Costs related to the purchase of shares in a subsidiary, such as interest and fees on a loan and costs of a bank guarantee should be included in tax costs on the date they are incurred
The costs of a loan taken out for the purchase of shares in a subsidiary and a bank guarantee granted, i.e. fees, commissions and interest, shall not be considered as expenditure on the purchase of shares, but as payment for the loan. Therefore, they are tax deductible at the date of their payment or capitalization. Such expenditure should be classified as non-direct costs, as it is not directly reflected in the received revenue but is a condition for obtaining it. Expenditure on the acquisition of shares includes expenditure which directly determines the acquisition of these shares (such expenditure without which effective acquisition of the shares would not be possible). Such expenditures are e.g. share purchase price, notary fees, brokerage commission, tax on civil law transactions related to the purchase of shares.

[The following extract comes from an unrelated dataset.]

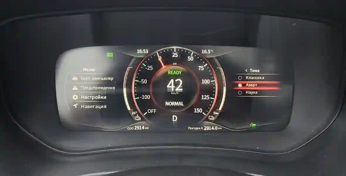 Вместо аналоговых приборов тут большой цифровой экран (10,25 дюйма), есть три темы оформления под названиями «Классика», «Азарт» и «Наука». В принципе все они выглядят неплохо, но только в «азартной» нет левого окошка, в котором мельтешат данные о расходе энергии.

This position was held by the Director of National Tax Information in a tax interpretation issued on 20 December 2019.
No WHT due on computer program license
In a judgment of 19 November 2019, the Provincial Administrative Court in Gliwice ruled that remuneration paid to a Croatian company for using computer software is not subject to withholding tax under the Polish-Croatian Double Tax Convention. The definition of royalties expressed in this convention does not include remuneration for the use of computer software, as it is in other conventions with e.g. Kazakhstan, Portugal or Norway. Therefore, revenue for the use of the software must be classified as profits of an enterprise taxed in the licensor’s State of establishment. The judgment is not final.